Navigating your health in college can be hard, especially with the fear of gaining the “freshman 15” looming over your shoulder.
The difficult transition to living by yourself brings new responsibilities of preparing your own meals and finding time for exercise within an already loaded schedule juggling class, work and club involvement.
If you’re anything like me, you’ve searched endlessly for the perfect plan to stay in shape. But what if I told you the best way to meet your goals was by redefining them all together?
Recently, I discovered a hidden gem called intuitive eating. It’s a practice — not a diet — that takes the typically rigid weight loss plan and throws it out the window. Instead, it focuses on tuning in with your body’s hunger and fullness cues to find a balance.
It has one main rule: ditch the diet mentality. Eat whatever you want, whenever you want and move your body with exercises that you enjoy as often or as little as you’d like.
Two registered dieticians coined the practice in 1955 under the central idea of trusting your body to make choices that feel good for you, without judgment or guilt. It’s backed by science and clinical trials, with over 100 medical studies that all revealed positive results.

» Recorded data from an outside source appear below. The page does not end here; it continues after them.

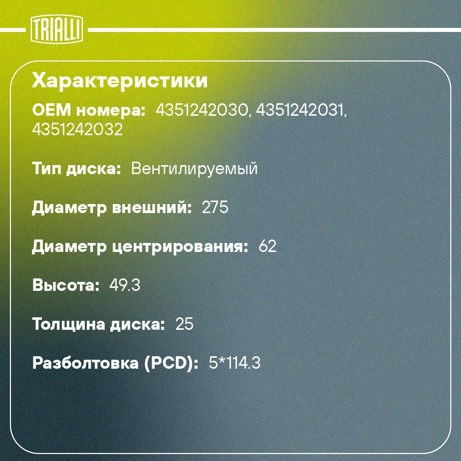Диск тормозной для автомобилей Toyota Rav4 (00-) передний d=275 DF 190403 TRIALLI информация: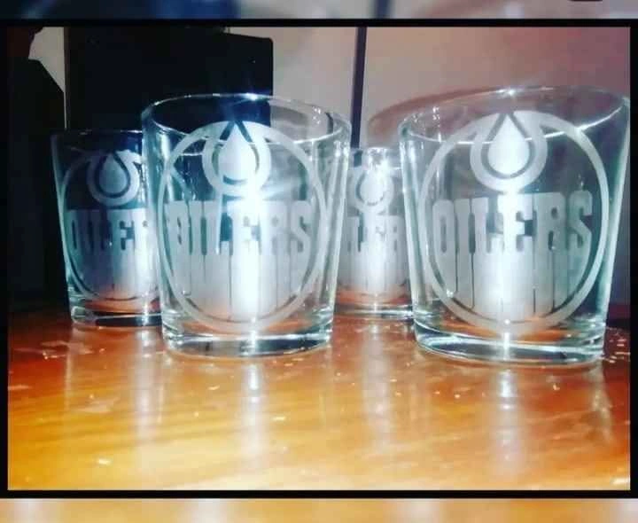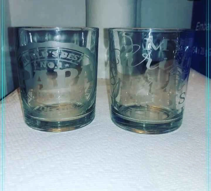 65Sets of 4 Whiskey glasses. Custom glass etched. Perfect for birthday gifts, Christmas gifts or wedding gifts. Images, logos, names and more can be etched into glasses. Feel free to message if you have any questions! shipping available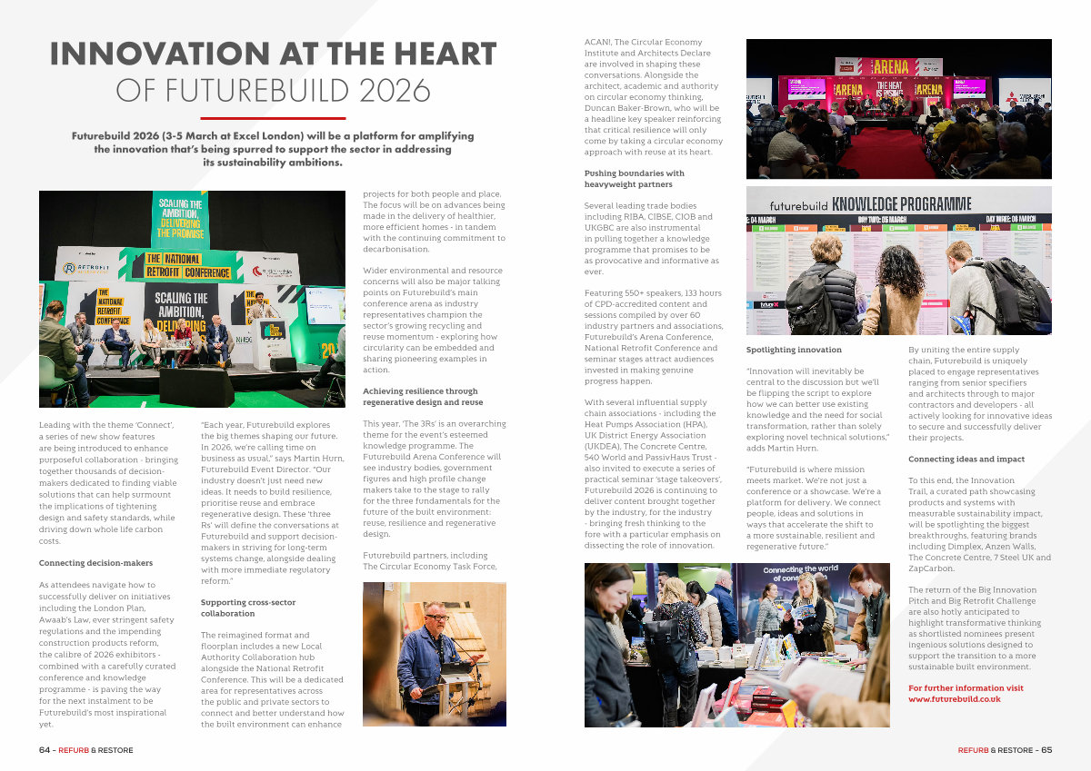 “ Each year, Futurebuild explores the big themes shaping our future. In 2026, we’ re calling time on business as usual,” says Martin Hurn, Futurebuild Event Director.“ Our industry doesn’ t just need new ideas. It needs to build resilience, prioritise reuse and embrace regenerative design. These‘ three Rs’ will define the conversations at Futurebuild and support decisionmakers in striving for long-term systems change, alongside dealing with more immediate regulatory reform.”

Sounds too good to be true? Don’t worry, I had the same doubts myself.
For years, I had equated eating less with being healthy. As a dancer for the majority of my life, my career revolved around the number on the scale. To be successful in the art, I had to stay slim by any means necessary.

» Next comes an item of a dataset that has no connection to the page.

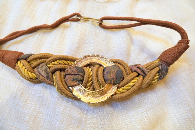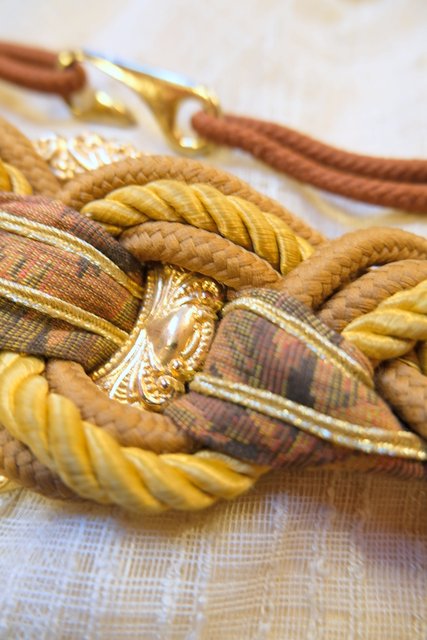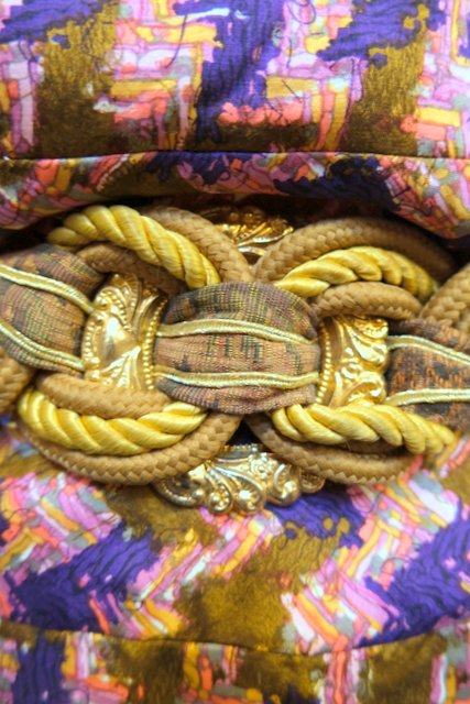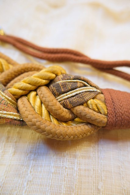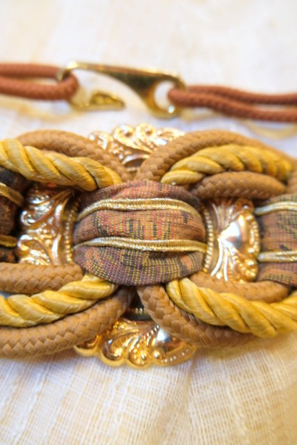 ゴブラン×紐編み込みデザインにゴールドバックルが素敵なヨーロピアンヴィンテージベルト

But I wasn’t born with the classic ballerina figure, and my body would never meet my teacher’s idea of a delicate frame, no matter how hard I tried.
I thought being bigger than the other dancers in my class meant that I was unhealthy, and it wasn’t until I started recovery for an eating disorder when I realized I couldn’t have been more wrong.

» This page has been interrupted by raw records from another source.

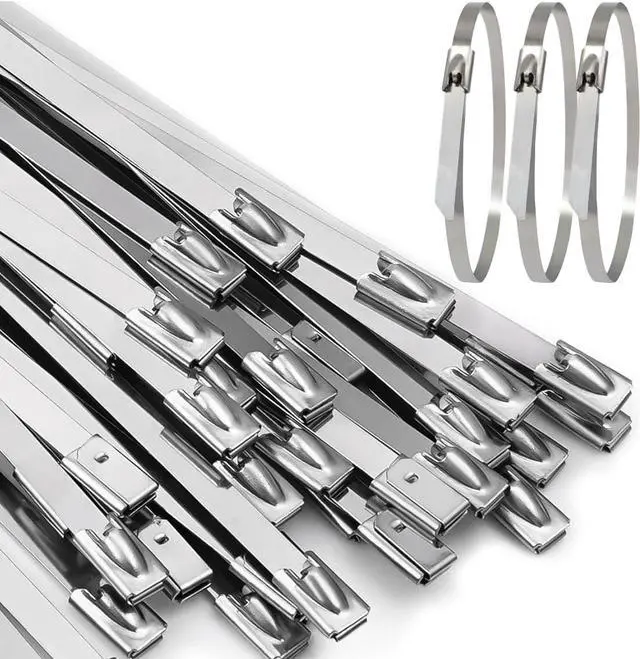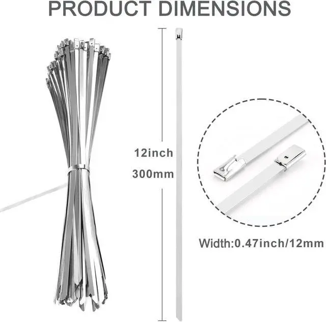 What You GetThe package includes 100 high-quality 304 stainless steel zip ties. Each tie measures 12inches (300mm) in length and 0.47inches (12mm) in width, suitable for various fastening needs. Additionally, the metal zip ties can be linked together, allowing for unlimited length extension to meet your daily requirements.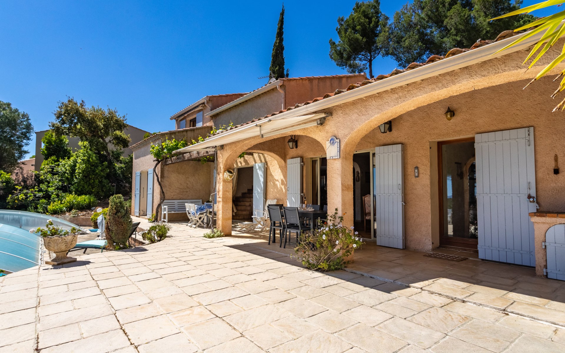 Cavalière 8 km von Le Lavandou: Einfache, komfortable Villa "Maison de l'Hubac Bleu", auf 2 Stockwerken, Baujahr 1985. Ruhige Lage am Hang, 1.5 km vom Meer, 1.5 km vom Strand, Richtung Süden. Poolpflege durch den Besitzer/Gärtner. Zur Alleinbenutzung: naturbelassenes Grundstück 1'000 m2, Hof, Hallenbad eckig, geschützt (11 x 5 m, 80 - 200 cm tief, saisonale Verfügbarkeit: 15.Mai. - 30.Sep.). Parkplatz. Lebensmittelgeschäft 1 km, Restaurant 800 m, Bushaltestelle "Mairie de Cavalière" 1.4 km, Sandstrand "Cavalière" 1.1 km. Nahe gelegene Sehenswürdigkeiten: St Tropez 35 km, Magic World 32 km, Le Jardin des Méditerranées 8 km. Wandergebiete: Sentiers du Littoral. Die Schlüsselübergabe findet bei der Agentur Interhome in Le Lavandou statt, 8 km.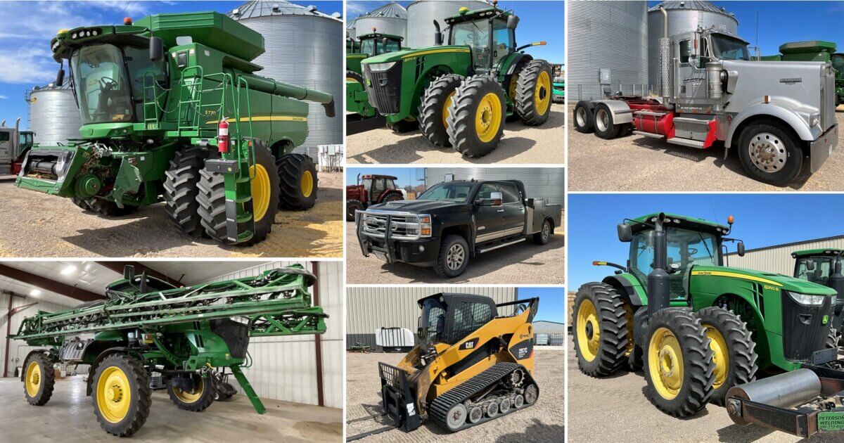John Deere 5770 Combine • John Deere 8370 R Tractor • John Deere 1775 24 Row Planter • John Deere R4044 Sprayer • CAT 287C Skid Steer • 1999 Kenworth Truck • Mitsubishi RAKA Forklift • 2018 Timpte Super Hopper Trailer

Health has no size, and restricting food is not good for you. In reality, cutting out certain food groups while dieting is actually linked to overeating tendencies.
When you’re constantly telling yourself you can’t eat certain foods, they soon become all you can think about. If you add that to an already low intake, you’re bound to binge on all those forbidden foods.
According to the National Institute of Health, banishing “bad” foods from your diet activates the brain’s stress system and causes anxiety that eventually drives people to overeat those foods when given the chance.
Even if you somehow manage to make it to the end of your diet without “slipping up,” the minute you return to eating normally, you’re likely to cave to those cravings.
In fact, a 2018 research review in Medical Clinics of North America revealed dieters tend to regain more than half the weight they initially lost within two years. Why? Restrictive diets aren’t sustainable.
The beauty of intuitive eating is that there are no “good” or “bad” foods. Any food that satisfies your body and gives you enough energy to get through the day is a proper choice.
When you start eating intuitively you might gravitate toward all the “unhealthy” foods you had previously sworn off, but with time, you can find a balance between all food groups that are sustainable for life.
While weight loss results aren’t guaranteed, you can expect to settle into your body’s natural set point range, which can be lower, higher or the same as you are now, according to VeryWellFit.
But intuitive eating has plenty of health benefits beyond the scale.
Studies on the practice showed participants had improved cholesterol levels, increased energy, reduced stress, lower rates of emotional and disordered eating, better body image, enhanced self-esteem, improved metabolism and higher levels of happiness.
The whole point of intuitive eating is to reexamine what health means to you. It’s a holistic approach that takes the focus away from losing weight and places it on improving your relationship with food and exercise.
If I have to choose between achieving my ideal body and being happy, I choose happiness. And I hope you do too.